So, the real deal is that he's going to be home for a few months. We'll be receiving 60% of his salary and we're thinking he'll still have a job in January (or February) when the doctors give him the green light for work after his chemo is complete.
We are very thankful. The reduced pay is not ideal. But, we've lived off less...not fun...but, we're thinking it's 'doable'. It will be similar to when we first moved into our home and Layne was doing a Post Doc. Right now, I'm glad we chose to purchase a home that fit with the salary of a Post Doc...instead of going with a salary that he 'could' be making at some point. So, instead of paying a little extra each month on the mortgage...we'll go back to just paying it off for the next few months.
A couple of items we talked about during that first conversation were the possible good things that could come out of this. Layne had the idea that maybe he doesn't have as long as we thought he had and this will be a good chance for him to spend time with the kids. I was glad we were homeschooling. The kids will actually be around for him to see. I also thought of the fact that he could help with some of the curriculum...math and science maybe. Oh...and if there are two people working on my 'to do' list, it might actually get done. Maybe. Layne was also aware that he needed to have a real plan for what he was going to accomplish.

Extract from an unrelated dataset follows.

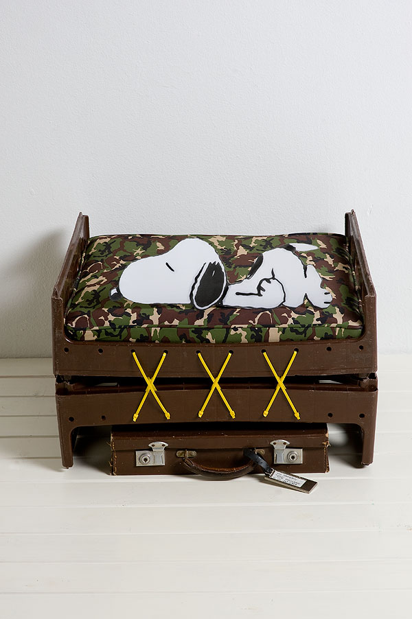 Keep it simple and comfy. Fix two crates together, base to base, with the extra-long cable ties. Measure the dimensions and have a cushion made from your chosen fabric. Slide the weekend case underneath and let Snoopy make himself at home.

Otherwise, he feels like he'll squander too much time and regret it. (We went over some things today.) We're looking forward to some time together as a family. I almost wish there wasn't a need for it, but here we are. We also thought of the fact that I might be able to work on some 'income for the future' options. One of the guys at work to Layne that he could pick up with the homeschooling and I could start working. Hmm...not sure that's the first option I would go with...I don't quite see Layne and homeschooling four kids meshing.

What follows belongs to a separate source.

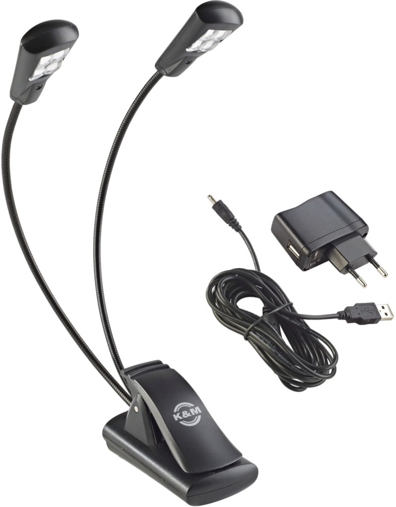 König & Meyer Music stand light "Music Stand Light Twin Head" er en batteridrevet LED-belysning som drives med batterier eller nettadapter som begge er inkludert. Du kan klemme den fast på materiale med en tykkelse på opptil 25mm. Passer godt til notestativ eller på et instrument, men også praktisk å feste på en bok når du vil lese i mørket.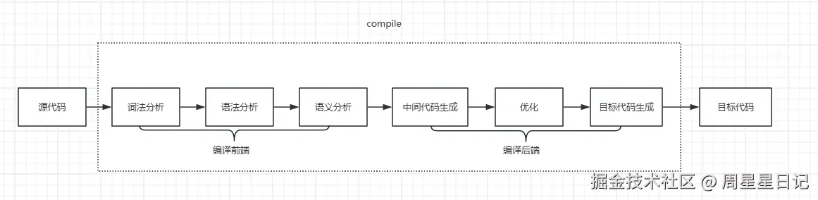 编译器其实就是一段程序,它用来将一种语言A翻译成另外一种语言B,我们称之为A为源代码,B为目标代码, 编译就是将源代码翻译为目标代码的过程。 完整的编译通常分为以下几个步骤,如图:

Layne and I have different styles in just about everything...so, it'll be interesting to see how things work out. Maybe this is another opportunity for us to work together better. We're so used to taking on our own roles...should be interesting.










Thursday, October 4, 2012

Aloha!

We're going to Hawaii!! How cool is that? We had some kind people (my siblings) donate to our cause.  It was a huge surprise! We are very grateful (and yet still feel a little silly). I think I might still be in shock. We're excited to explore the views and beaches. Maybe I'll acquire a swimsuit from Title Nine before we go. Oh wait...I don't think they do sales. Hmm...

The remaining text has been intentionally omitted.